In the absence of mass m1 in the Atwood machine, and with m2 greater than m1, the acceleration of block m2 simplifies to the gravitational constant g, acting upward due to the net gravitational force.
In the given Atwood machine scenario, where two blocks of masses m1 and m2 are connected by a massless rope over a frictionless pulley, we explore a special case where m1 is not present, and m2 is greater than m1. Taking upward as the positive direction, and considering the gravitational constant g to be positive, we can analyze the acceleration of the block with mass m2 in this simplified system.
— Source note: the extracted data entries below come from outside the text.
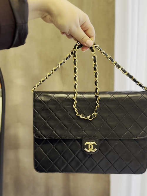 Černá jehněčí kůže, ikonické prošívání a nadčasový tvar dělá z tohoto kousku elegantní a luxusní volbu pro každou příležitost.
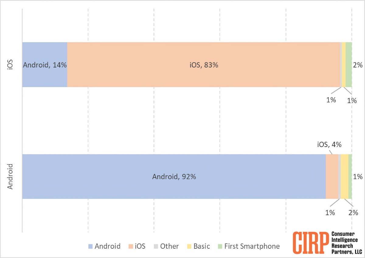Va notato che solo una piccola percentuale, meno del 5%, degli acquirenti per entrambe le piattaforme proveniva da sistemi operativi ormai fuori produzione, telefoni di base o flip, o individui che acquistavano il loro primo smartphone.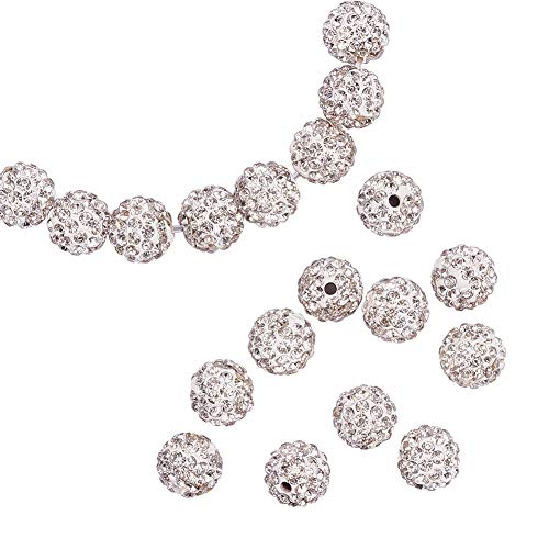 PandaHall Elite 1 Scatola 100PCS 10mm Perline Argilla Disco Ball Perline Distanziatori Rotonde Cristallo Bianco Strass Bracciali Braccialetti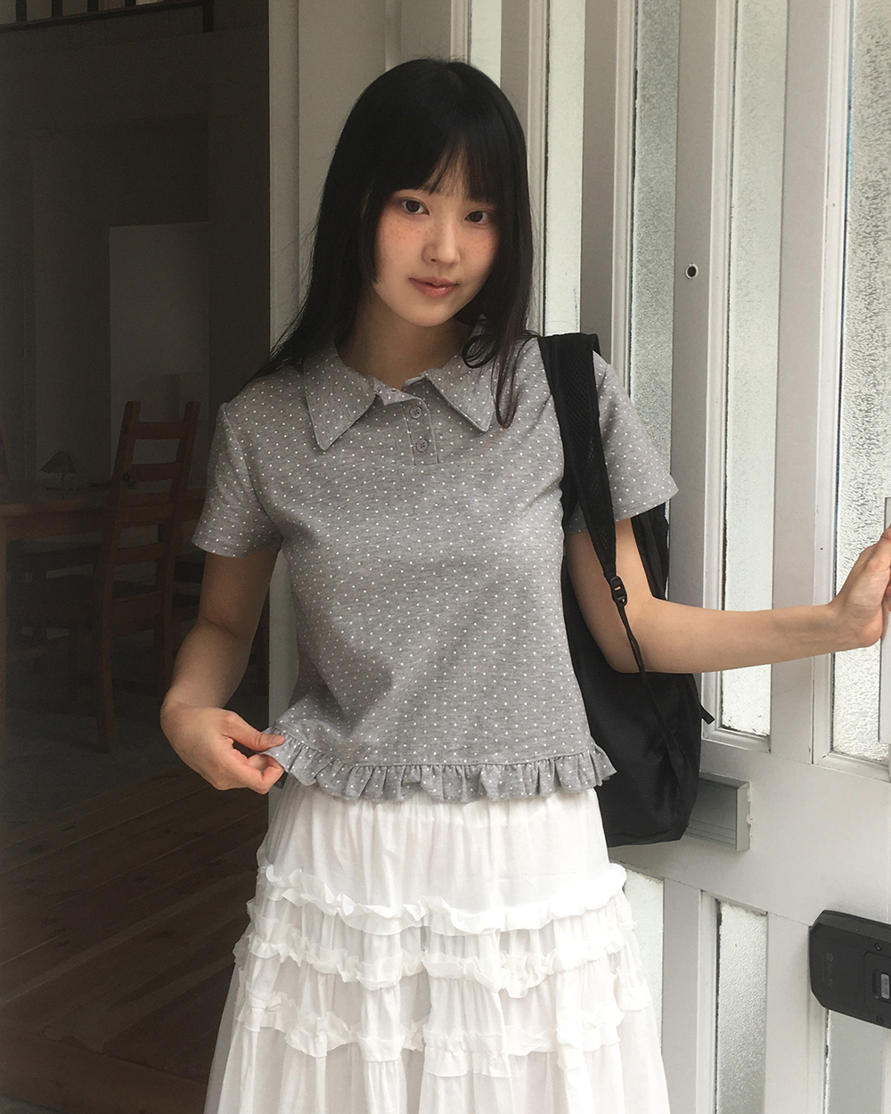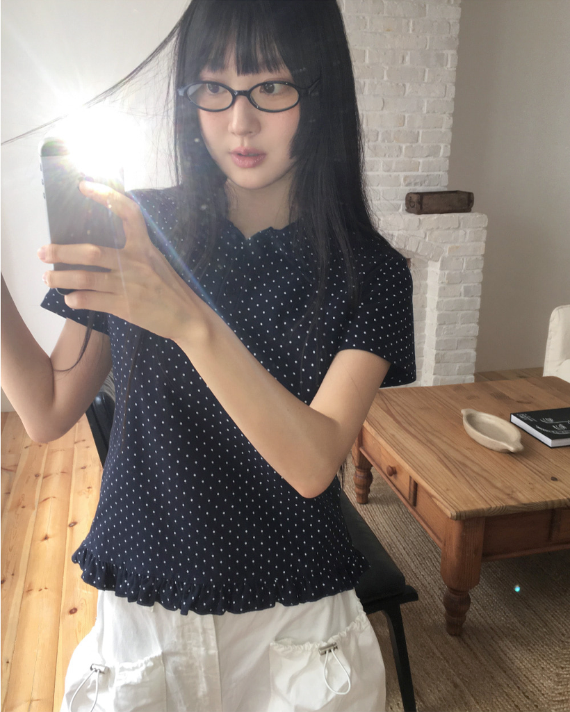 ドット フリル 半袖 Tシャツ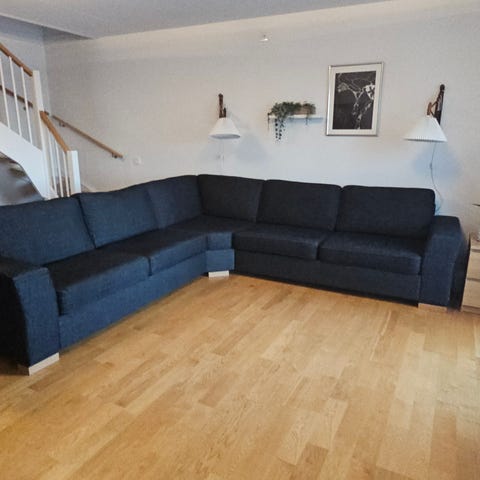 Ekornes: En bekväm hörnsoffa i läder. 2 + 3 sits soffa i äkta läder. Ingen skador på soffan. Perfekt för vardagsrummet. Mått: B 250 cm + 310 cm, höjd 75 cm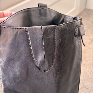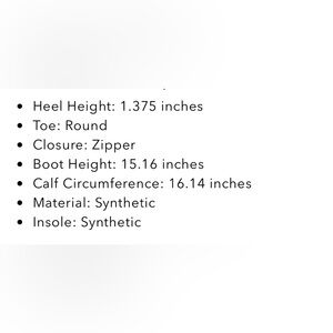 Loved but very well taken care of Penny Riding boot! These are medium width and won’t fit a wider calf. They do have the stretch piece on top photod. A few scuffs which you can see but the inside is like new. I have a box (not correct) if you would like just let me know. Small block heel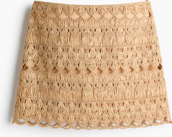 Mini skirt in a crochet-look knit with a concealed zip and hook-and-eye fastening at one side and a scalloped hem. Jersey lining.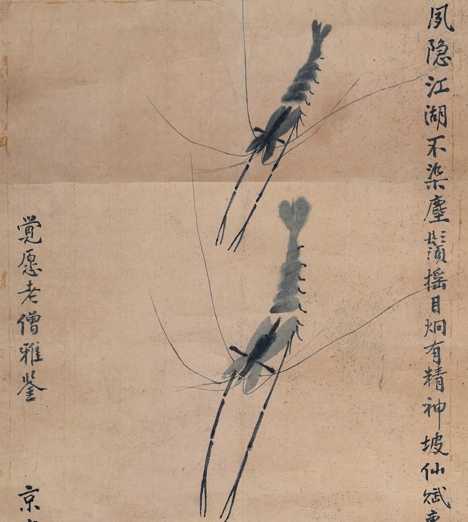 此作为“京广老农泽忠”摹齐派墨虾精品,笔墨灵动传神,深得白石遗韵。虾体晶莹,品相微瑕。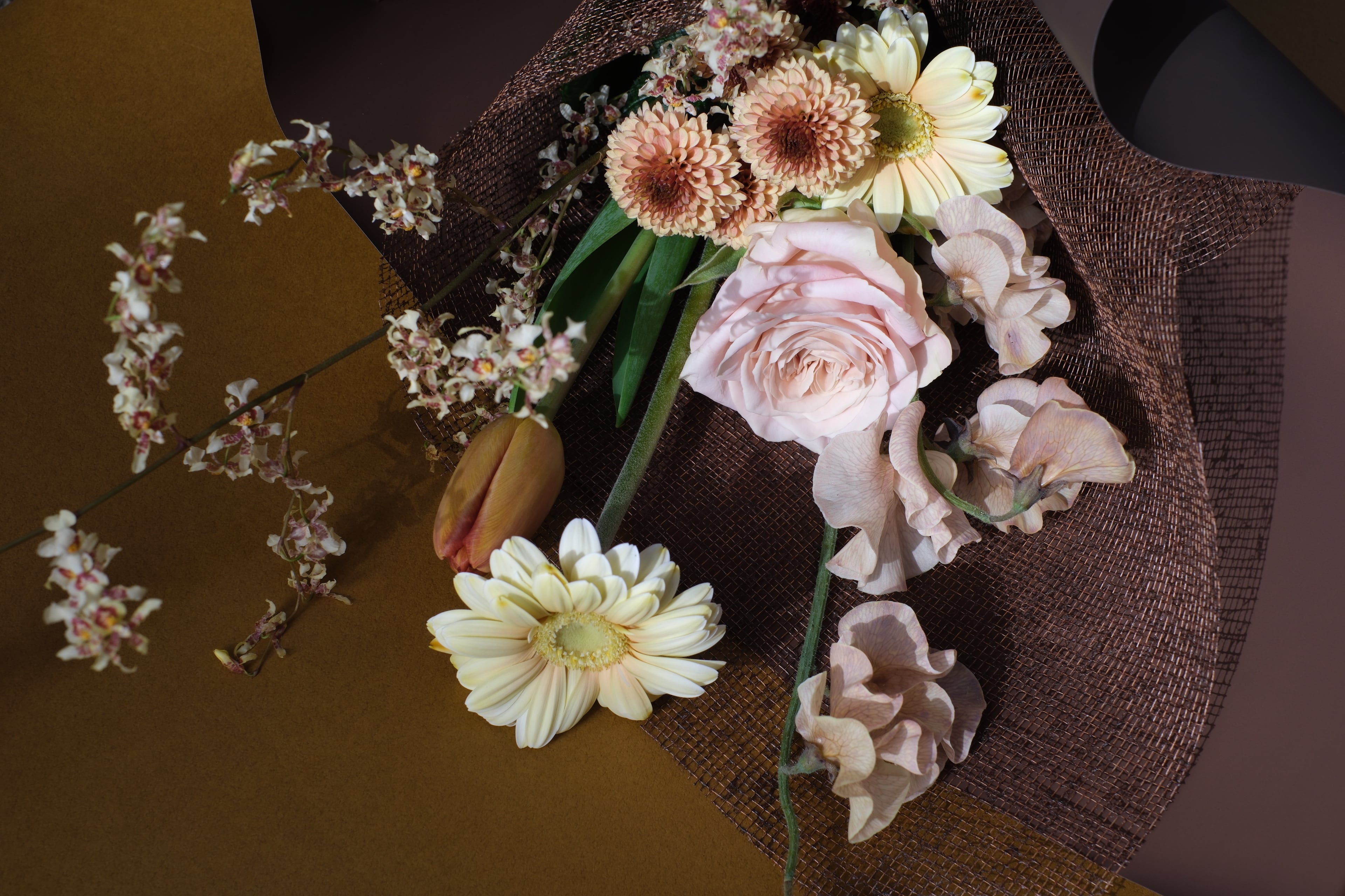 Mサイズ以上のブーケには、胡蝶蘭、アンスリウム、オンシジウム、その他の蘭のうち少なくとも一種類以上を必ずお入れしてお作りします。

In this special case, with only m2 present, the net force acting on m2 is solely due to its weight. According to Newton's second law (F = ma), the force acting on m2 is given by the gravitational force:
F = m2 * g
Here, m2 is the mass of block m2 and g is the gravitational constant. As m2 is greater than m1, the net force is directed downward. The resulting acceleration (a) is determined by the ratio of the net force to m2:
a = F / m2 = (m2 * g) / m2 = g
In this special scenario, the acceleration of the block with mass m2 is equal to the gravitational constant g, and it acts in the positive direction, which is upward.
The question probable may be:
(Figure 1) shows an Atwood machine that consists of two blocks (of masses 11 and m₂) tied together with a massless rope that passes over a fixed, perfect (massless and frictionless) pulley. In this problem you'll investigate some special cases where physical variables describing the Atwood machine take on miting values. Often, examining special cases will simplify a problem, so that the solution may be found from inspection or from the results of a problem you've already seen. In the figure mass 2 is greater than mass 1
For problem, take upward to be the positive direction and take the gravitational constant, g, to be positive. for the same special case (the block of mass m1 not present), what is the acceleration of the block of mass m2?